+++ Study material

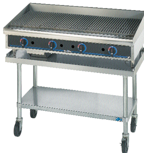
Model 6048CBD with Optional Equipment Stand and Casters
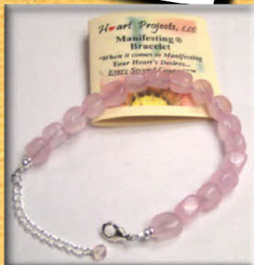
NEW! Rose Quartz Adjustable Manifesting® Bracelet

To learn more about Heart Projects' other Manifesting Products, including our Manifesting® Key Chains and Manifesting® Bookmarks, we invite you to visit us at www.Manifesting.us .
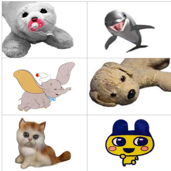
Figure 1. ACs in questionnaire. From top to bottom and left to right: Paro the Seal (1a) [53], Bandit the Dolphin (1b) [35], Dumbo (1c) [54], Dog (1d) [55], Cat (1e) [56], Tamagotchi (1f) [57]

Study protocols were approved by our institutional ethics committee. Thirteen participants provided written consent and one provided verbal consent. Eleven participated in the study on ACs.
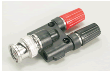
Item Number GAP-005
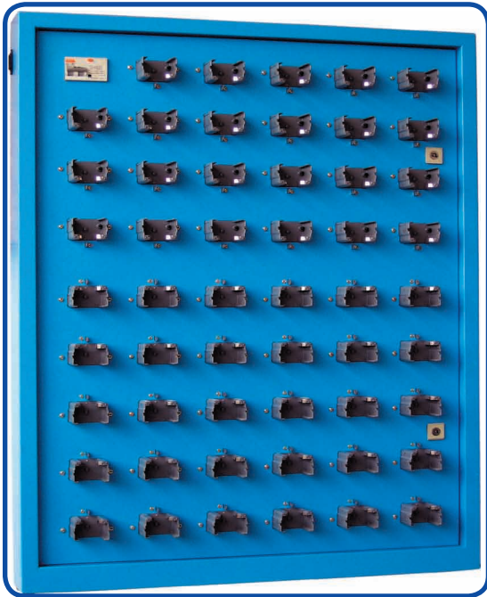
Charging board for 53 lamps
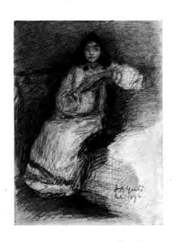
Saww Kain _
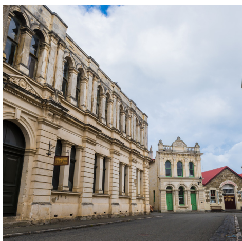
Oamaru Historic Precinct
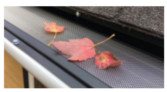
Protect your home from costly water damage and eliminate the dangerous and dirty chore of gutter cleaning!
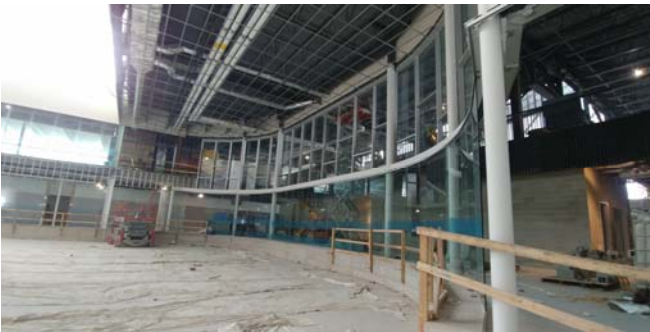
6. Rink 1 viewing area in progress
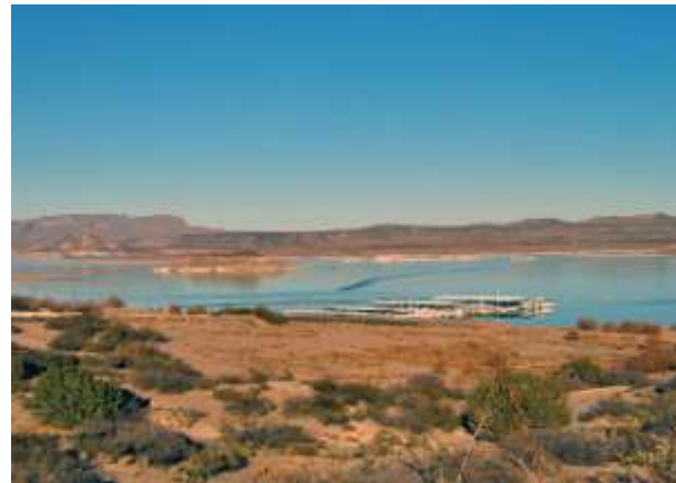
Marina del Sur, Elephant Butte Lake

The mountains of the Geronimo Trail area abound with hiking trails, mountain campgrounds and small lakes. (Numbers 1 – 14 correspond to map on page 39).
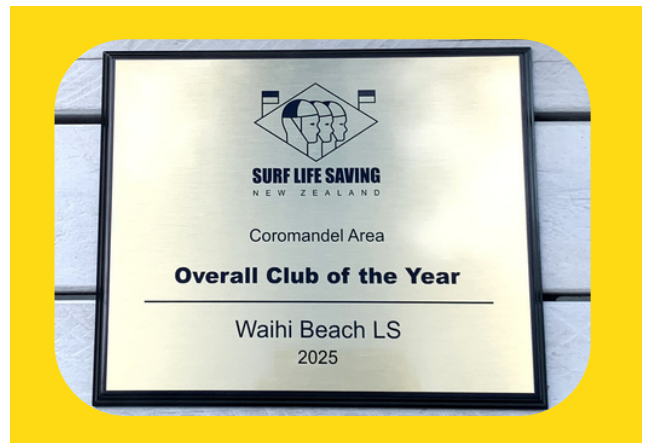
Waihi Beach Lifeguard Services lifeguards and volunteers at the Eastern Region Awards of Excellence 2025
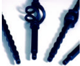
Strength in the baluster using tubular steel
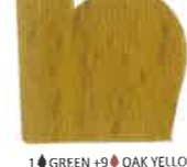
1 GREEN + 9 OAK YELLOW
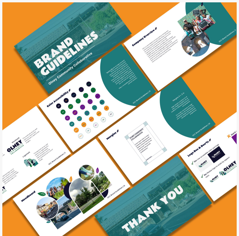
Creative Repute Creates Brand Guidelines for Olney Community Collaborative
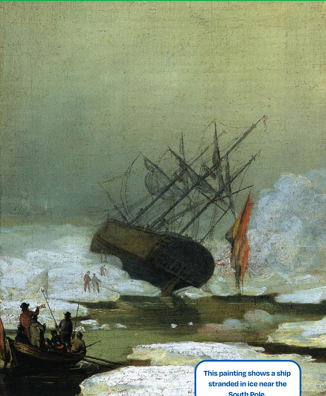
This painting shows a ship stranded in ice near the South Pole.
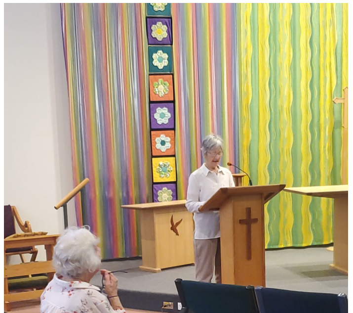
Georgia reading the Lesson
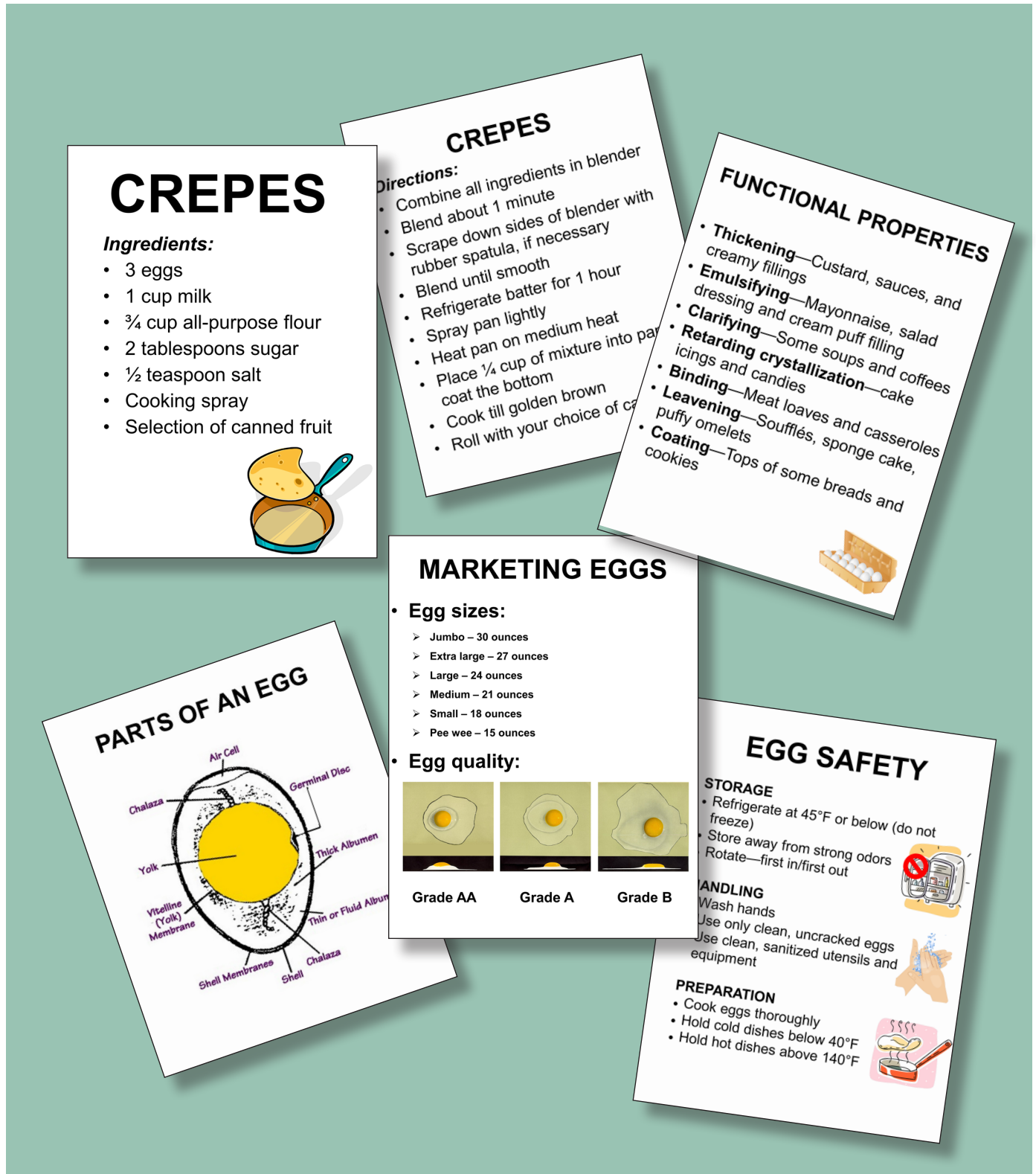
Figure 3. Demonstration poster examples.
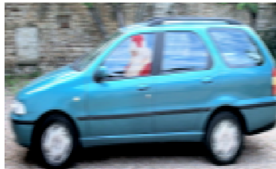
Santa, going at least 1000 over

Many children were disappointed at the lack of gifts under their tree. Santa works from east to west (benefit of time zones), so no gifts were delivered west of Chicago. One 7-year-old boy from Los Angeles told The Flipside, "It's a good day to be Jewish!"
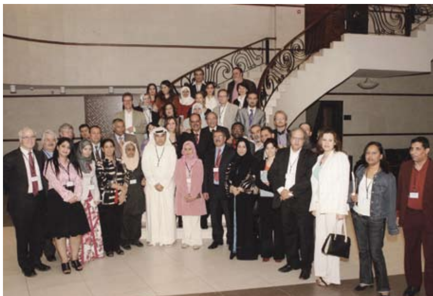
IFJ regional meeting, Amman, October 2009.

In late 2009, the press echoed assertions of bribery involving the Jordan Petroleum Refinery Company (JPRC) and chief national figures. The government opened a criminal investigation, but in March 2010, the Jordanian State Security Court forbade the media reporting on the case without its authorisation.
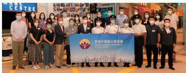
▲ HKCBA delegates visit Tactical Training Complex of Aberdeen Campus.
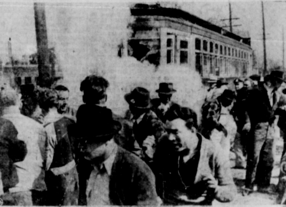
Repulsed by tear gas barrage, laid down by deputy sheriffs, pickets flee scene of attack on street car, carrying office workers to strikebound Allis-Chalmers plant at West Allis, Wis. Pickets smashed car windows, roughed non-strikers. Thirteen were injured in rioting.
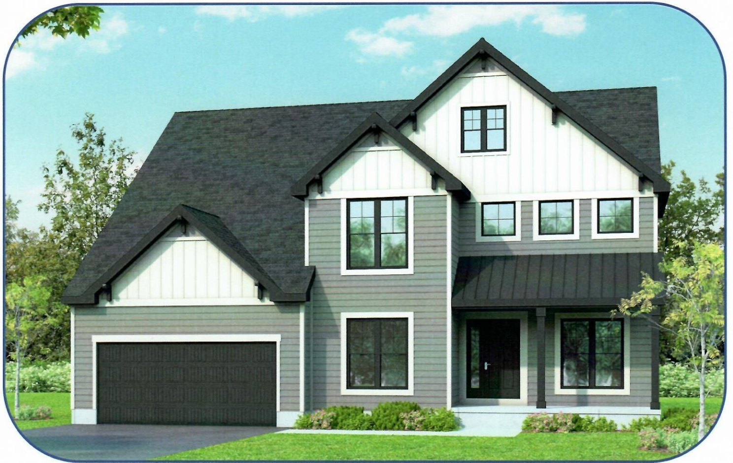
Elevation C Approx 3380 sq.ft.

Jeff Whiting (614) 202-9763 jeff.whiting@trinity-homes.com www.OHNewHomes.com

++++++

Across the records, count the lines that contain the word "area" and give that figure alone.

Solution for this task | 2